作者: liang_rujiang | 来源:发表于2019-12-04 19:04 被阅读0次

    INTRODUCTION

    Table 1 是描述研究对象基本信息的一张表,在各个研究中被经常使用。其中必须的部分是描述性统计(集中趋势、离散趋势、频数、频率),可选的部分是不同组之间的对比(ttest,F-test)。stata中有大量的包可以帮我们做到这一点,但是这些包的输出和偏医学类的结果表还是有点差别,需要手动调整。

    使用stata时,

    • 连续型变量,对象不分组,即只需要描述部分变量总的一个分布,情况比较简单。使用 tabstat varlist, c(s) s(mean sd)即可。
    • 连续型变量,对象分组时,也可以用上面的生成描述性部分,只需要加by()选项即可。
    • 分类型变量,不分组时,tab1 varlist
    • 分类型变量,分组时,tab1 varlist if grpvar == 1...
    • 连续型变量,ttest,F-test可以用foreach循环挨个来。
    • 分类型变量,chi-square,fisher可以用foreach循环和tab加选项来搞定。

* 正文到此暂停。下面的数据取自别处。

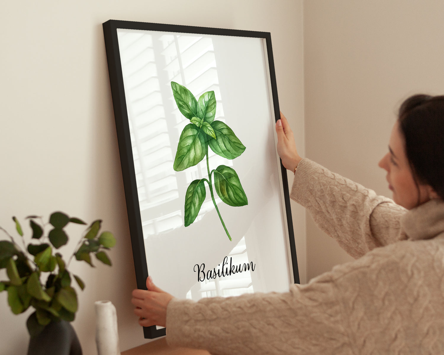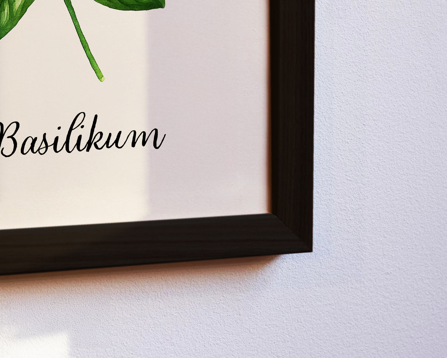 Das Poster zeigt einen zarten Basilikumzweig in realistischer Aquarellmalerei auf weißem Hintergrund. Die Blätter schimmern in lebendigen Grüntönen und vermitteln Frische und Natürlichkeit. Ideal für alle, die Kräuterliebe und minimalistisches Design kombinieren möchten. Die schlichte Darstellung fügt sich harmonisch in moderne und traditionelle Einrichtungsstile ein.
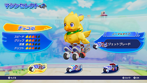 ゲームモードは,4つのコースを走って総合順位を競う「シリーズレース」や,遊び方を自由に設定できる「カスタムレース」,自己ベストなどに挑戦できる「タイムアタック」,トーナメント形式で行われるオンラインレース「チョコボGP」などが用意されている。
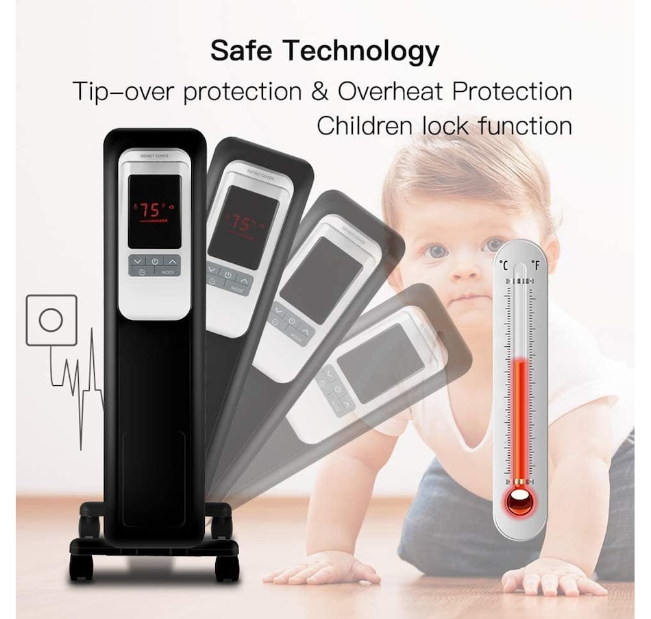 The Ecohouzng Digital Oil Filled Heater is ideal for small to medium rooms. This convenient, economical space heater has three adjustable heat settings, safety protection and an adjustable thermostat, as well as a built-in electronic tip-over switch system that turns the appliance off should it fall over accidentally; the heater will resume working with previous setting once back in its original position.
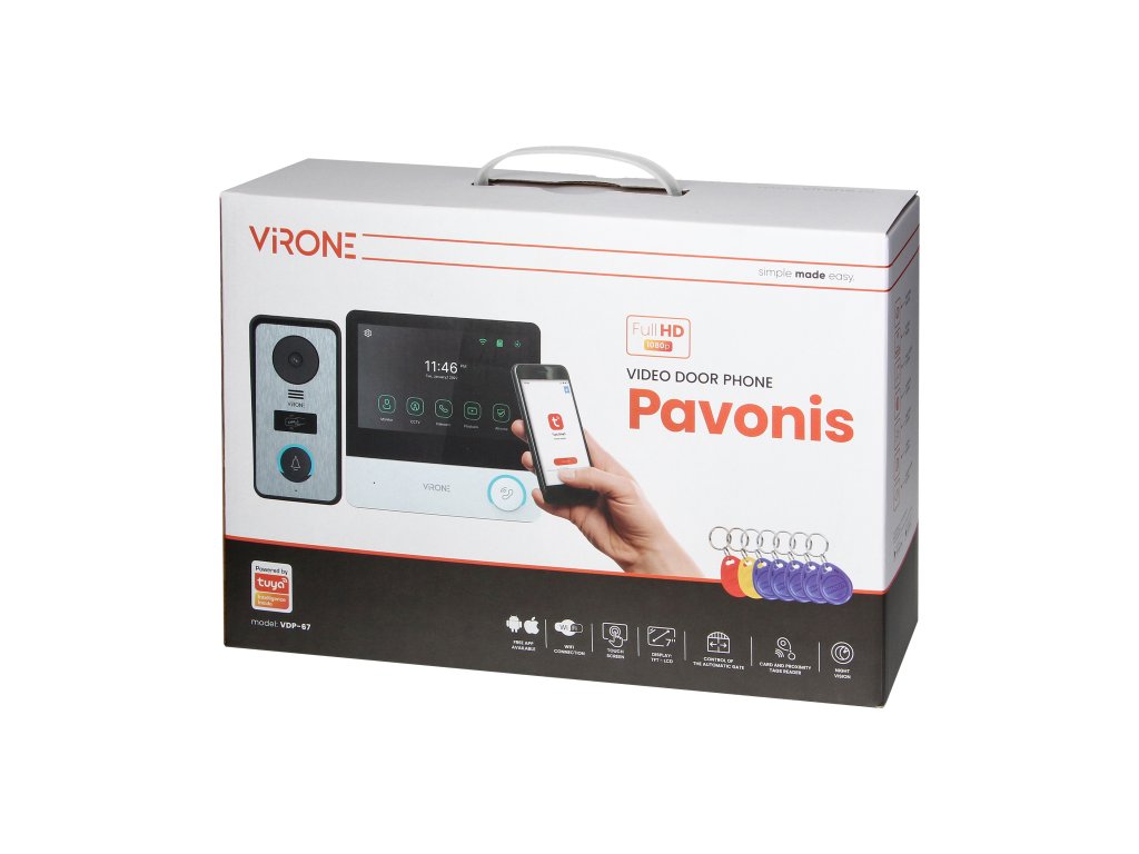 Videointerfon PAVONIS B, un set de videointerfon destinat iubitorilor de soluții tehnologice confortabile care facilitează viața. Se conectează la Wi-Fi și la aplicația specială Tuya, permițând controlul ușor al intrărilor și evenimentelor din jurul proprietății, chiar și atunci când nu e nimeni acasă, și, cu ajutorul unui card SD suplimentar, permite stocarea înregistrărilor și fotografiilor acestor evenimente.Setul este compus dintr-un monitor și o unitate exterioară.

    以上过程过于枯燥,且可能在抄写过程中带来差错,iebaltab可以在一定程度上帮助我们。请运行下面的例子观察。当然,首先安装该包ssc install ietoolkit

    一些特点:

    • 该包的遗憾是无法显示T-statistic,神奇的是,R 的tableone包也是这样的。但某些医学类或医学类相关的基础研究中常需要报告这个结果。
    • 对分类变量无效,出不来分类变量的描述性和chi-square,fisher结果(R的tableone可以应付chi-square)
    • 不区分连续型变量的分布和等方差假设(R的tableone可以应付分布情况,但需要用户自己先看一下分布,然后告诉函数,要对哪些变量使用非参数检验,检验方法也可选,我个人的用法是直接把感兴趣的连续型变量挑出来直接变形成长数据然后ggplot绘制分面图观察一下即可)
    • tableone 可以同时处理有分组和无分组的情况,同时处理描述和检验的结果,同时处理分类和连续变量,区分连续型变量的分布正态与否。
    • tableone使用时注意分类变量要么是以factor存在于dataframe中,要么是以numeric存在。以后面这种情况存在时,需要在函数中声明,否则会被当作连续型变量对待。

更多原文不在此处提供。